(Exercise data)

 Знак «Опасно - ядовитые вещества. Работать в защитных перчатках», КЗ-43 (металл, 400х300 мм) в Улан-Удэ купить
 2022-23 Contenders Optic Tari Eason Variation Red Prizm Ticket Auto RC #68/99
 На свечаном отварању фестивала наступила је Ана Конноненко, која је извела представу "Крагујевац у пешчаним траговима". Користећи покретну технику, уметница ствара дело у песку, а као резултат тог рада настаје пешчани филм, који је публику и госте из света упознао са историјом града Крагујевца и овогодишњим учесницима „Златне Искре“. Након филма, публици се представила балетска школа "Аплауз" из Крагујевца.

(End Exercise data)

> _Task to complete_:
Set out the complete listing exactly as shown.

> _Answer for this exercise_:
 Знак «Опасно - ядовитые вещества. Работать в защитных перчатках», КЗ-43 (металл, 400х300 мм) в Улан-Удэ купить
 2022-23 Contenders Optic Tari Eason Variation Red Prizm Ticket Auto RC #68/99
 На свечаном отварању фестивала наступила је Ана Конноненко, која је извела представу "Крагујевац у пешчаним траговима". Користећи покретну технику, уметница ствара дело у песку, а као резултат тог рада настаје пешчани филм, који је публику и госте из света упознао са историјом града Крагујевца и овогодишњим учесницима „Златне Искре“. Након филма, публици се представила балетска школа "Аплауз" из Крагујевца.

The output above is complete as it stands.